In summary, the authors are saying the complete opposite of "human intervention".
While the analyses above suggest that SARS-CoV-2 may bind human ACE2
with high affinity, computational analyses predict that the
interaction is not ideal and that the RBD sequence is different from
those shown in SARS-CoV to be optimal for receptor binding.
The interaction with ACE2 is taking place on the Spike protein (S) in both COVID-19 and SARS-Cov. The S protein is very different between COVID-19 and SARS both in terms of sequence and COVID-19 includes an additional furin cleavage site, meaning structurally it is quite distinct. The "computational analysis predicts" is difficult because there is no crystal structure for COVID-19 S protein therefore modelling ligand binding is essentially guess work, particularly as it comprises an additional (furin) cleaved domain. What the authors appear to conclude is that they cannot map ACE2-Spike binding of COVID-19 using an established SARS S protein structure. I assume they are homology modelling SARS-CoV onto COVID-19 S protein sequence data.
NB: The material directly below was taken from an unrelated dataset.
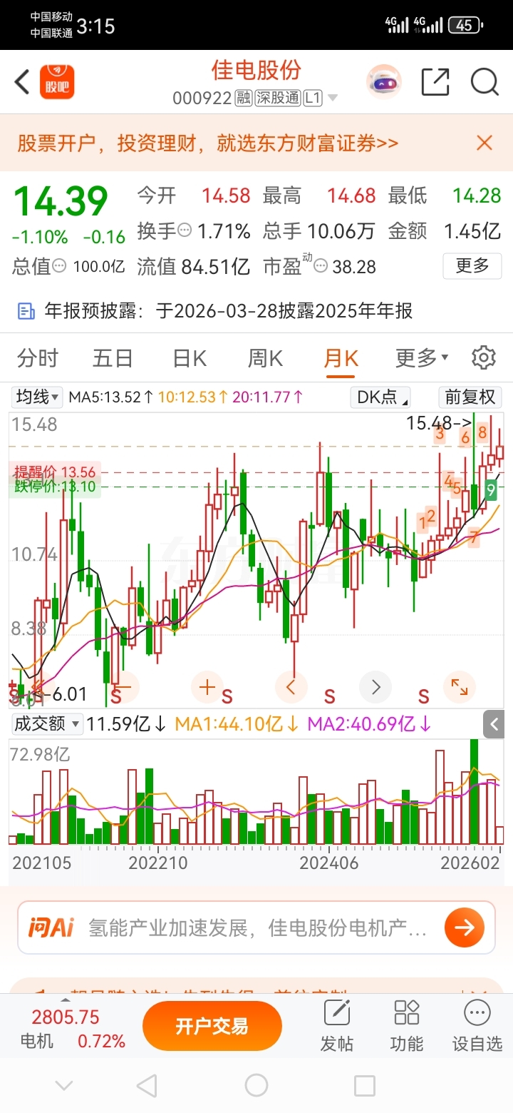 $佳电股份(SZ000922)$ 说是底部得是脑子不好还是啥眼睛不好?看长期月线,,在看日线,还没惊出一声冷汗?还不逃顶?顶部出货ing!!!

In my personal opinion there is no way to homology model an additional furin protease cleavage site (furin is a host protease) so it would be difficult for "good fit" to occur, but it is just my opinion and the authors may have established methods to overcome this notable limitation, e.g. similar phenomena occur in influenza.
Thus, the high-affinity binding of the SARS-CoV-2 spike protein to
human ACE2 is most likely the result of natural selection..
Their conclusion of "natural selection" is not strictly accurate and should be "Darwinian positive selection", but its a small issue. What they are saying is Darwinian adaptation has occurred as opposed to "purifying selection, i.e. conservation. Thus they are definitely excluding human intervention because that is not "natural selection"
Furthermore, if genetic manipulation had been performed, one of the
several reverse-genetic systems available for betacoronaviruses would
probably have been used
They appear to be saying that if a synthetic virus was constructed it would be created using an established reverse genetics system, and all those produced to date look nothing like COVID-19.
The phylogenetics argument is always a stronger argument than either of the above (although my opinion isn't entirely objective). Phylogeneticists have had a long history in opposing conspiracy theories, e.g. polio vaccination, HIV and the list goes on, so it is much more natural territory. An example of such an argument is here which @terdon helpfully pointed out.
To address the questions of @Hans
- Purifying selection = any evolutionary change is deleterious, so the virus is less able to transmit between humans. The vast majority of mutations are deleterious in classical Darwinian thinking*
- Adaptation = the amino acid change occurs to ensure the virus is better able to transmit between humans. In phylogenetics this is called 'positive selection' which is detected at a nucleotide level, this is however a very stringest test.
*, There is something called nearly neutral theory, but thats just complicated
What we are talking about is a virus infectious clone system. For a 30kb virus this would not be trival at all, but I agree for 10kb viruses it much easier. However, the phylogenetics are opposed to this, because SARS-CoV-2 is 5% divergent from a virus (RaTG13) isolated a long time before the current epidemic. You can't just engineer a virus that is 5% divergent from a bat virus across the entire genome and never been seen before. It would be a work of genius the likes we have never seen using bioinformatics as yet unheard of, because what would happen is you would encounter endless deleterious mutations. Even if you got over all those, how do you know what fitness traits you are aiming for?
This level of change is doable by serial passage of the virus, but this leads to attenuation of virus (less dangerous) not increased fitness. The yellow fever virus vaccine was created in this way. Even if a virus had been serially passaged we could tell, because we know the mutational patterns of other serially passaged viruses.